#### Data listing
....................

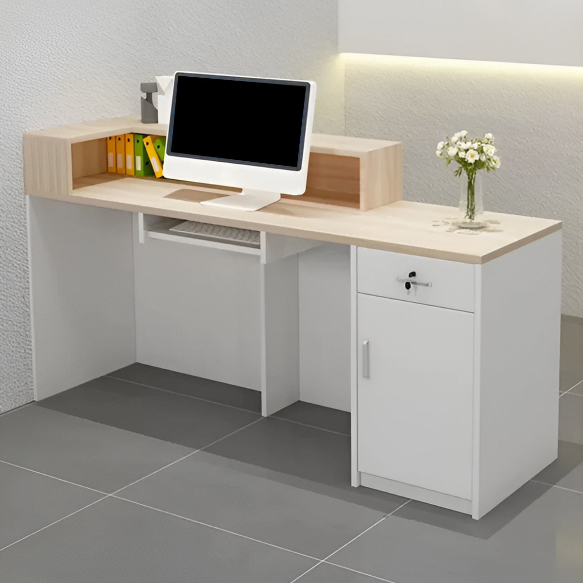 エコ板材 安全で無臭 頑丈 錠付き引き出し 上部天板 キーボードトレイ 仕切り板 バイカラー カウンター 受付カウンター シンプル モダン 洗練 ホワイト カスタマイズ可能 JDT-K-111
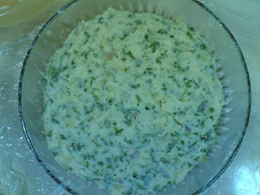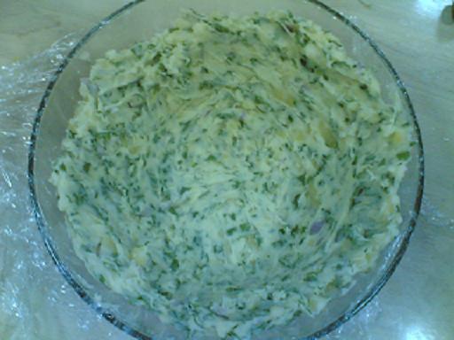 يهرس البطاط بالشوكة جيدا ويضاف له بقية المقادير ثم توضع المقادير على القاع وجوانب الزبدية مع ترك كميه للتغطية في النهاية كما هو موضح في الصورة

....................

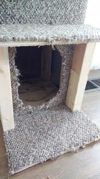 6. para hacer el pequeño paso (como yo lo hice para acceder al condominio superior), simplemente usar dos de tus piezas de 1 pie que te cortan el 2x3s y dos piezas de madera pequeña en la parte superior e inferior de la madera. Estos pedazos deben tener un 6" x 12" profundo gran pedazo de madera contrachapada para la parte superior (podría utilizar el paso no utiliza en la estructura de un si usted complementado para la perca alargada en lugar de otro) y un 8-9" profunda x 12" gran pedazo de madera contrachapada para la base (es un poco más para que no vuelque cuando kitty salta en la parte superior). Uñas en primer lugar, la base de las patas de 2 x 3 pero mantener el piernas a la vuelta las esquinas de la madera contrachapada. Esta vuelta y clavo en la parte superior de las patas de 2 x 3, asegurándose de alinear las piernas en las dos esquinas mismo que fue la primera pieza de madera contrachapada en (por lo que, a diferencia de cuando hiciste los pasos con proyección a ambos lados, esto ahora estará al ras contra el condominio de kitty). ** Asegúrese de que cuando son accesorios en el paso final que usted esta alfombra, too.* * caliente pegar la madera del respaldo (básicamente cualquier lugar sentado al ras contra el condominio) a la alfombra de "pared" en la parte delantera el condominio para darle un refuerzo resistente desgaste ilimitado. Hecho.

....................

#### Brief
Pictures excluded, transcribe the listing above exactly from the line with "エコ板材 安全で無臭 頑丈" through the line with "يهرس البطاط بالشوكة", and no further.

#### Solution
 エコ板材 安全で無臭 頑丈 錠付き引き出し 上部天板 キーボードトレイ 仕切り板 バイカラー カウンター 受付カウンター シンプル モダン 洗練 ホワイト カスタマイズ可能 JDT-K-111
 يهرس البطاط بالشوكة جيدا ويضاف له بقية المقادير ثم توضع المقادير على القاع وجوانب الزبدية مع ترك كميه للتغطية في النهاية كما هو موضح في الصورة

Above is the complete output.